On Dec 28, 2011 9:05 PM, "shreevatsa" <[email protected]> wrote:
>
> On Dec 29, 3:29 am, John Cremona <[email protected]> wrote:
> > >> The assymptotics of the central binomial coefficient is  more subtle
> > >> matter
> > >> Andrzej Chrzeszczyk
> >
> > > The limit:
> > > sage: maxima('limit(binomial(2*x,x)/2^(2*x)*sqrt(%pi*x),x,+inf)')
> > > 1
> >
> > > shows that
> >
> > > binomial(2*x,x)/2^(2*x) ~ 1/sqrt(pi*x)  as x->+oo
> >
> > This follows very easily from Stirling's Formula.  But I suppose the
> > original question was not so much "what is the answer" as "can I get
> > the answer from system [xyz] without having to think"!
>
>
> Yes!
>
> After all, anything Sage can do a human can probably do with enough
> patience and time. The point of the software is to make it easy.

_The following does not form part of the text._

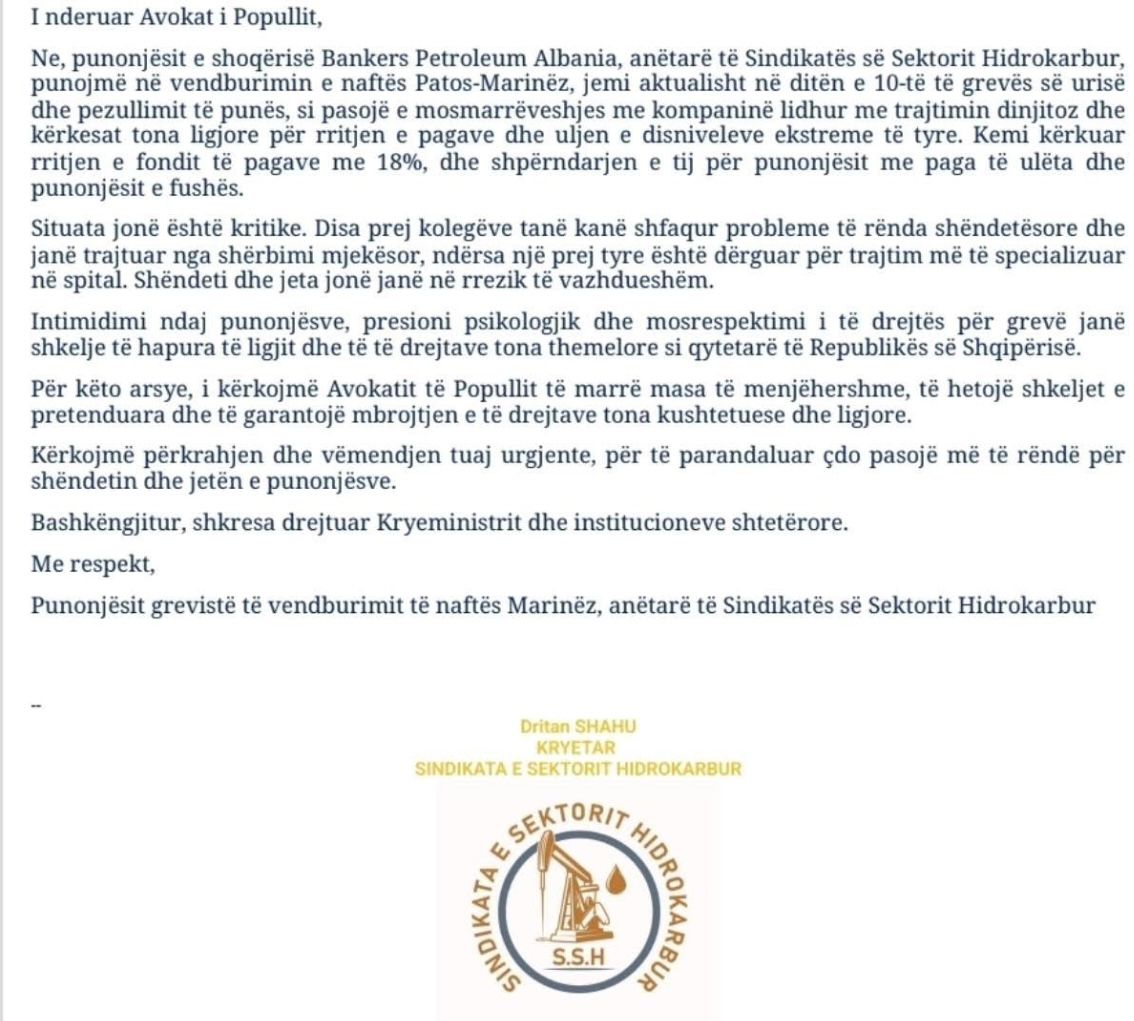 Në ditën e dhjetë të grevës, punonjësit e kompanisë “Bankers Petroleum” kanë ndërmarrë një hap të ri duke iu drejtuar zyrtarisht Komisionerit për Mbrojtjen nga Diskriminimi, Avokatit të Popullit dhe Ambasadorit të Bashkimit Europian në Shqipëri, Silvio Gonzato.

(Not meant as flaimbait) I can think of a lot of counterexamples to this,
at least in the context of number theory problems that involve counting,
which would be impossible to do in a lifetime because humans are just way
too slow...

>
> In this case, I would like to be able to input an expression like
> binomial(n, n/2) or binomial(n, 17*n/32), and get a power series in
> sqrt(n) or whatever. For instance, the Wolfram Alpha link above, after
> clicking on "more terms", gives
> 2^(-n) (sqrt(2/pi) sqrt(1/n)-(1/n)^(3/2)/(2 sqrt(2 pi))+(1/n)^(5/2)/
> (16 sqrt(2 pi))+(5 (1/n)^(7/2))/(64 sqrt(2 pi))-(21 (1/n)^(9/2))/(1024
> sqrt(2 pi))-(399 (1/n)^(11/2))/(4096 sqrt(2 pi))+(869 (1/n)^(13/2))/
> (32768 sqrt(2 pi))+(39325 (1/n)^(15/2))/(131072 sqrt(2 pi))-(334477 (1/
> n)^(17/2))/(4194304 sqrt(2 pi))-(28717403 (1/n)^(19/2))/(16777216
> sqrt(2 pi))+(59697183 (1/n)^(21/2))/(134217728 sqrt(2 pi))+O((1/
> n)^(23/2))) exp(log(2) n+O((1/n)^12))
>
> This is beyond my patience or ability to do it without mistakes.
> Exactly what computers are for!
>
> My belief is that if Wolfram Alpha can do it, it must be possible for
> Sage to do it as well. It seems that something has not been
> implemented here, but I'm not sure what. (The asymptotics for the
> gamma function?)
>
> Actually, Wolfram Alpha doesn't realize that exp(log(2)n) and 2^-n can
> be cancelled, and the expression simplified. Further, exp(O((1/n)^7))
> can be expanded as a power series. So even WA's output still requires
> some human work, and there is scope for Sage to improve on it.